Saturday, October 17, 2009

Pro-Obamacare Republicans in the Pay of the Health Industry

By: Timothy P. Carney
Examiner Columnist
October 14, 2009

As the White House dismissed the insurance lobby's critiques of the Senate health care bill as self-serving corporate disinformation, President Obama used his weekly radio address to laud four former Republican officials for supporting the push for "reform." But Obama failed to mention that these pro-"reform" Republicans -- whom he lauded for "ris[ing] above the politics of the moment" -- are all in the pay of the health care industry and could personally profit from "reform."

Former Republican Health and Human Services Secretaries Louis Sullivan and Tommy Thompson, along with former Senate Majority Leaders Bill Frist (a doctor) and Bob Dole, received plaudits in the president's weekly radio address for exhibiting "the spirit of national purpose" and for understanding "that health insurance reform isn't a Democratic issue or a Republican issue, but an American issue that demands a solution."

Media outlets dutifully carried the Democratic story line: Four important Republicans are backing Obama, but GOP lawmakers remain in lockstep for partisan political readings.

Obama, along with ABC News, the New York Times, the Washington Post, the Associated Press and nearly everyone who reported on the GOP support for Obamacare, left out the salient detail that these pro-"reform" Republicans are lobbyists, consultants and directors for the drug companies, hospitals and other health care corporations that stand to profit from Obama's reform.

Thompson, the former Republican governor of Wisconsin, served four years as President George W. Bush's HHS chief. Now Thompson is a health care consultant at the lobbying firm Akin Gump, whose clients include insurer Aetna, many drug makers, device makers and hospitals.

Pharmaceutical companies and hospitals are sure to see profits improve from a bill like the current Senate measure. Health insurers like Aetna are walking a fine line between disaster (a government option for health insurance) and a corporate dream come true (the individual mandate). It's naive to imagine Thompson doesn't have his clients' interests in mind in endorsing Obamacare.

Sullivan was George H.W. Bush's HHS secretary in the 1990s. In 2008, Sullivan made $220,000 as a director for four health care companies, including the biotech firm Biosante Pharmaceuticals, where he was chairman of the board, according to Forbes. His total 2008 compensation from these companies (with options and other non-cash compensation) was more than $1 million. He has recently served as a director at Bristol-Myers Squibb and Cigna.

These companies all stand to profit from "reform" legislation that would mandate health insurance, subsidize private insurance and provide more drug subsidies. They are paying Sullivan, and Sullivan is supporting "reform" legislation.

Sullivan leveraged his public service into a private fortune helping big drug makers and insurance companies boost their profits. He is precisely the sort of revolving-door corporate consultant whom candidate Obama accused of corrupting the political system. But now he is on Obama's side, so Sullivan is a "distinguished leader" exhibiting "the spirit of national purpose," in Obama's words.

Frist is a partner in a private investment firm that bets on health care companies -- and on regulation. The firm's Web site reads: "With deep expertise in the healthcare reimbursement and regulatory environments, the Cressey & Company team has invested in almost every for-profit niche of healthcare."

So Frist gets rich by helping pick the health care companies that will get rich. Now he's backing Obamacare -- and winning praise for it.

And Dole, as this column discussed last Friday, is a health care lobbyist for the downtown firm Alston & Bird, which represents drug makers and insurers. The media have something of a blackout on his conflicts of interest, instead using him to cudgel the current GOP leadership for lacking this sort of "bipartisanship."

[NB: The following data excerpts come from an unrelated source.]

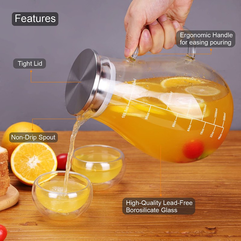 - Borosilicate glass: It is made of food-grade borosilicate glass, which is lead-free and durable. Ergonomically designed handle makes it easy to hold and pour. The scale of the generous pitcher body is visible and helpful that you can make the exact amount of drink to meet the various needs.
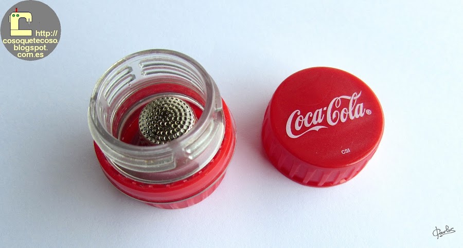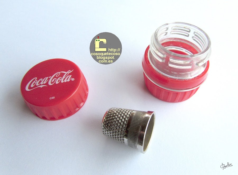 También me ha dicho Beatriz que cuando no está segura si lleva dedal, moviendo el costurero lo sabe por el ruido que hace en el guarda dedal de tapones de refresco.
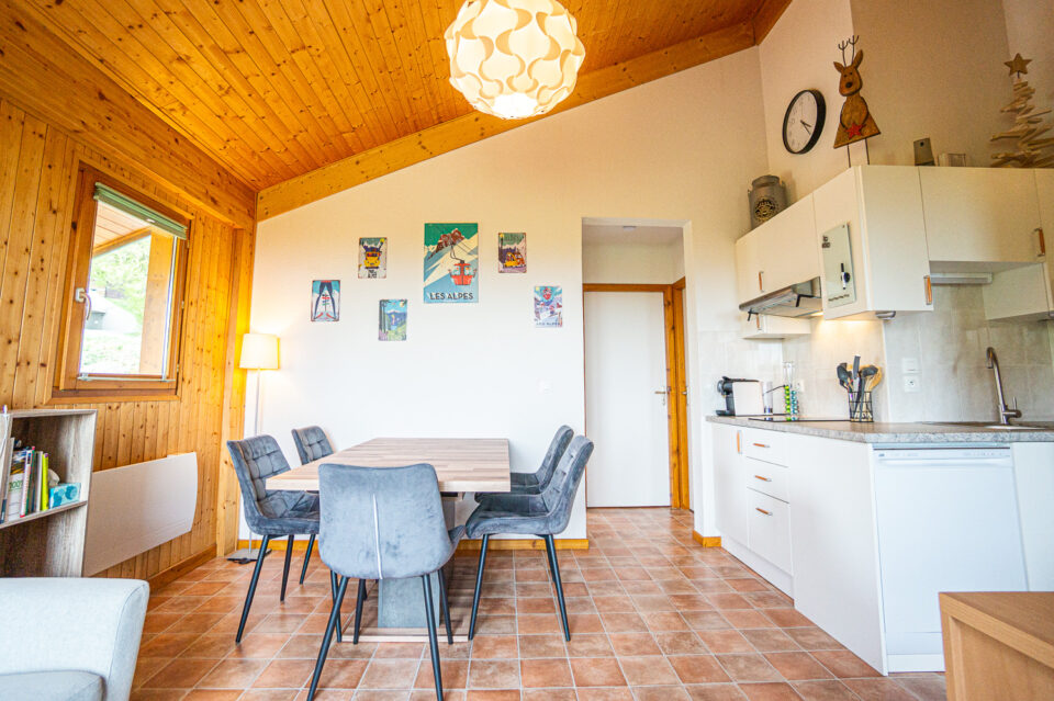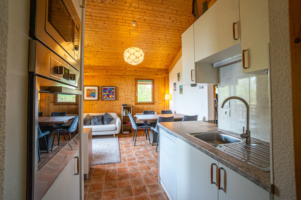 La pièce de vie ouverte accueille une cuisine entièrement équipée, prête pour les soirées raclette, fondue ou projets improvisés entre amis.

All of these pro-"reform" Republicans would say their support for Obamacare is not related to their financial interests. But the White House has declared the profit motive sufficient to discredit criticism of "reform." White House aide Linda Douglass (the woman who called in August for citizens to report "fishy" e-mails about proposed health care regulations) dismissed a recent critical report by health insurers as "distorted" and "dishonest," stating: "It comes on the eve of a vote that will reduce the industry's profits."

But Obama has been holding out as heroes these four Republicans supporting a plan that will likely enhance their personal profits. Maybe ulterior motives only matter if you're opposing the White House.